= McConchie One-Room School =

Former racially-segregated school in Welcome, Maryland

The McConchie One-Room School was a one-room school in Welcome, Maryland, that served Black children from grades 1 to 7.

== History ==
It was open from 1912 to 1952 at Route 6 and Point Blossom Road in Welcome, Maryland. Edna Warren Simmons served as a teacher from 1922, when she was hired as a short-term substitute, until a few years prior to the closure. It closed in 1952 due to a consolidation of Negro schools with those of nearby Port Tobacco, Maryland.

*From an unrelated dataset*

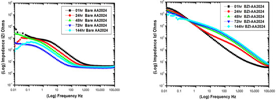 The EIS impedance data for the bare and BZI-AA2024 samples; run-in period of the 144 h immersion test is shown in Figure 3. Starting from one hour of immersion of the bare-AA2024, a low impedance of about 3 ohms.cm2 was observed at high frequencies between 103 and 105 Hz. This is attributed to surface interface and solution resistance. Furthermore, it slightly decreased to about 2.6 ohms.cm2 after 144 h immersion at a low frequency from 0.1 to 0.01 Hz; the impedance generally decreased from the 1 h to 144 h.
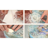 I Rub-on sono soggetti decorativi di colore bianco, ideali anche su fondi scuri. Per trasferire l'immagine basta far aderire il decoro sulla superficie e togliere la pellicola.

The school and property were bought by a private citizen and were a family rental property, but the schoolhouse was abandoned by 1980. After the property was planned for demolition in 1992, several Charles County Fair board members, including Mitchell Digges and George Dyson, spearheaded a move to the Charles County Fairgrounds. Simmons was present at the dedication ceremony after it was moved to the fairgrounds.

==Current status==
The school is just inside the entrance to the Charles County Fairgrounds; it serves as a living museum and is open for tours on the Fourth of July, for three days in December during the "Kris Kringle Christmas Market", and by request of the public. It has been awarded a grant by the Maryland Historical Trust, African American Heritage Preservation Program, for renovation in 2020.